4. Make the Sound Transit Link Light Rail Station at Broadway and John reflect the LGBTQ character of Capitol Hill. A few years ago, Sound Transit convened a community forum to roll out their decision for decorating the new station. Their decision was to install cut up warplanes! They claimed it would symbolize peace and Seattle's aerospace history. We loudly protested. Capitol Hill is not about the military-industrial complex! Capitol Hill is not about Boeing! Other Light Rail stations in the Rainier Valley make an effort to reflect the racial diversity there. Why is the LGBTQ community deliberately snubbed here? We were flatly ignored. Now the station is nearing completion. Of all the dismissive insults that the City could throw at the LGBTQ community, this one is the top. Can City Hall still do something to correct this situation?

5. An LGBTQ Community Center was already tried once and it failed. I was on the founding board and a major donor to the center. It failed for many reasons but I think that the underlying reason was that it was set up with a lot of fanfare by the City and some community leaders and then ignored to run on its own. It was not organic from our LGBTQ community and it did not have a business model. In the years since then, Gay City has emerged as a viable community center which houses several of our community organizations, an LGBTQ library, and serves as a gathering place. It is not the total answer, but it is doing valuable work. GSBA has established a storefront on Broadway as well. A number of community organizations, like GSBA and Lifelong, have floated the idea of having a space on the block when Sound Transit finishes their station at Broadway and John. Given our past experience, I don't think the City can give us an LGBTQ center. It has to grow organically from the community and have a solid business plan if it is going to be sustainable. What the City can do is smooth out the paperwork and zoning if such a center happens to arise.

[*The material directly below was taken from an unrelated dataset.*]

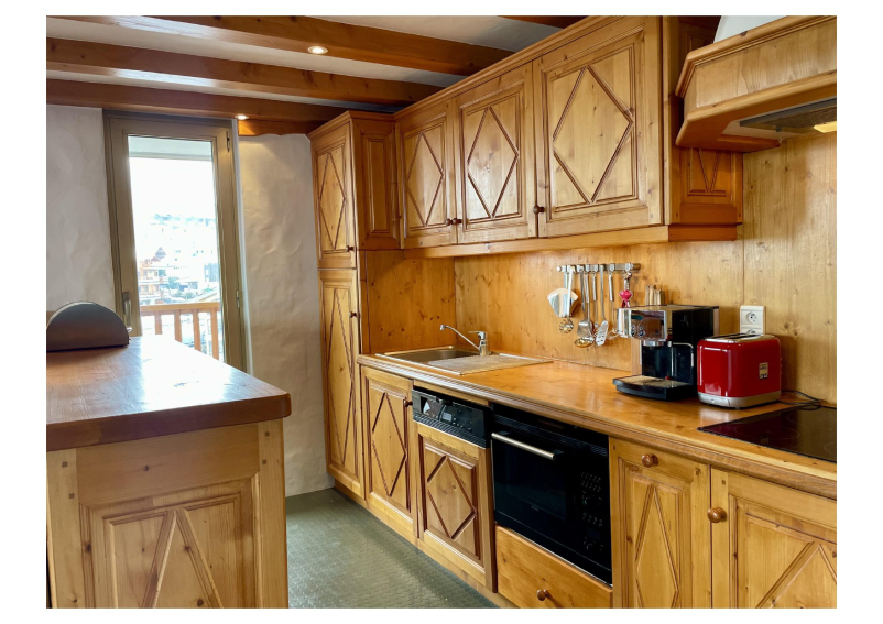 Equipped kitchen opening onto the living room, including fridge with freezer, microwave oven, two Senseo & Nespresso coffee machines (Magimix), dishwasher, raclette and fondue maker, ceramic hob, teapot and toaster.

6. Rent control is a bedrock economic policy that would help prevent lower income people of all sexual orientations and gender identities from being displaced from Capitol Hill. While that may be a long way off, the Seattle Housing Authority does maintain a series of housing establishments on Capitol Hill for lower income people. Two things the City can do is 1) ensure that SHA has strongly positive policies for LGBTQ residents and that they are enforced vigorously and 2) expand the number of properties that SHA manages on Capitol Hill. It also would not hurt if all SHA facilities proudly displayed Rainbow flags during Pride month. After all, the YMCA does.